A rhinoplasty is a surgery made to improve the shape and profile of the nose. It may have an aesthetic or functional purpose. In case of breathing difficulties, rhinoplasty can be associated with septoplasty to straighten a deviated nasal septum. Surgical techniques have improved during the years.
The reasons to undergo rhinoplasty may be:
- Reconstructive: to recover a normal aspect of the nose after a trauma, malformation or surgery;
- Functional: to improve breathing in case of deviated septum – the so-called rhinoseptoplasty.
Why undergo this surgery?
Patients who go to a plastic surgeon for cosmetic rhinoplasty are generally people who are not satisfied with the shape and proportions of their nose, perceived as not in harmony with their face and with their aesthetic views. In case of difficult breathing due to a deviation of the septum, this surgery can have both an aesthetic and a functional value, and associate the correction of the septum deviation – the so-called septorhinoplasty - to the remodelling of the nose. A last group of patients that undergo rhinoplasty are those who are not satisfied of their first rhinoplasty and require new surgery to improve their profile. This is known as secondary rhinoseptoplasty. Rhinoplasty is a surgery that modifies the profile of the nose and consequently the shape of the face, the cornerstone of our identity. Therefore, patients should think a lot before undergoing this surgery. This kind of decision cannot be impulsive or taken hastily. This kind of surgery is not recommended before the age of 16 for women and before 17 for men, as the structure of both the nose and face are still growing before those ages.
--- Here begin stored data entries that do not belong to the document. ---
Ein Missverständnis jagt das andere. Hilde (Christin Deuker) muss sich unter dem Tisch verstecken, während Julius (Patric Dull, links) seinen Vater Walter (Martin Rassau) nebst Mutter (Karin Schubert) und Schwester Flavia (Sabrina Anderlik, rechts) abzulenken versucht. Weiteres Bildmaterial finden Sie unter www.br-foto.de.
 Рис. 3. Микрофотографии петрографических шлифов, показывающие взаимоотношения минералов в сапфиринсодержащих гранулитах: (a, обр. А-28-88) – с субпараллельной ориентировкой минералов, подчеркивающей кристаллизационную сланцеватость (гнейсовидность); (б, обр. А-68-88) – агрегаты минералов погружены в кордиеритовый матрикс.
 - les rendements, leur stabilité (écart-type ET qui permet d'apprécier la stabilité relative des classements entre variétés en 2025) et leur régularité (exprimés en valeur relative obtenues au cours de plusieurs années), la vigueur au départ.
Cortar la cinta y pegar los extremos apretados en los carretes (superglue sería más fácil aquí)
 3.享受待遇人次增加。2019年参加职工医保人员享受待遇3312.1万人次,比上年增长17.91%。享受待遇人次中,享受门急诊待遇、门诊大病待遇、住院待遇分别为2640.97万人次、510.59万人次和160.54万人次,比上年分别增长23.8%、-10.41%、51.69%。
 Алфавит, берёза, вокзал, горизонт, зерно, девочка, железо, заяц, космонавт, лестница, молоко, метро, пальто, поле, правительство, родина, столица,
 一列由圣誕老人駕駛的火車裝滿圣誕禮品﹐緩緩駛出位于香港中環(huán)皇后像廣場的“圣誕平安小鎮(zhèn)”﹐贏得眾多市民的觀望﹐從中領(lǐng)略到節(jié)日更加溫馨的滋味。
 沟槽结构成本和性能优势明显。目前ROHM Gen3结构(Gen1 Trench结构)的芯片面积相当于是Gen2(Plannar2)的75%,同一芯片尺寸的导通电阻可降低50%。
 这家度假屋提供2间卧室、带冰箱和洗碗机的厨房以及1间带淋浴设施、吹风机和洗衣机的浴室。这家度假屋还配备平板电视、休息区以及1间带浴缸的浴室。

What needs to be done before surgery?
Speaking to the plastic surgeon before surgery helps eliminate doubts and perplexities and understand exactly how the surgery will be carried out and all options suitable for one’s case. In order to achieve the best result, all possible variables to the surgery procedure will be taken into consideration depending on the patient’s physical characteristics and needs. The visit is non-binding and gives one the possibility to have all data regarding the surgical and post-surgery programme, the drugs to take, necessary analyses, check-ups, and cost
How is the surgery performed?
The possible surgery techniques - selected depending on the surgeon’s evaluation - are: - Closed rhinoplasty where the incisions are made inside the nostrils. In this case, there is no direct view of the field. The advantages of this technique are scars that are almost invisible and a faster recovery; - Open rhinoplasty in which incisions are made inside the nostrils and on the base of the columella, i.e. the part of skin and cartilage that separates the two nostrils. The advantage is a direct vision of the field. The disadvantages are a slightly longer recovery and scars that - though small - are a little more visible. If necessary, it is possible to associate the correction of the nasal septum via septoplasty. The surgery is done under general anaesthesia and lasts 1.5 - 2 hours. Hospitalisation is 1 day. Incisions are made at vestibular level after local injections of vasoconstrictive solutions to reduce bleeding during the surgery. In case of open technique, apart from the vestibular incisions, an incision is made at the base of the columella to allow the complete lifting of the skin on the tip of the nose and operate in the open. In case of septoplasty, the cartilaginous nasal septum is detached from the mucosa located above, the deviated portions of cartilage are straightened, the excess portions are removed and the remodelled septum is repositioned. The back of the nose is reduced using ad-hoc rasps and tightened via osteotomy of the nose bones. The surgical fractures of the nose bones can be avoided only if the nose is not too wide after having redesigned its back and eliminated the gibbus. The tip of the nose is then modelled removing the excessive cartilage and/or – should it be necessary to increase the projection – inserting little pieces of cartilage previously removed from the septum. Rhinoplasty ends with the sutures, the positioning of nasal packing in the nostrils and of a restraining device made of thermally modelling plastic.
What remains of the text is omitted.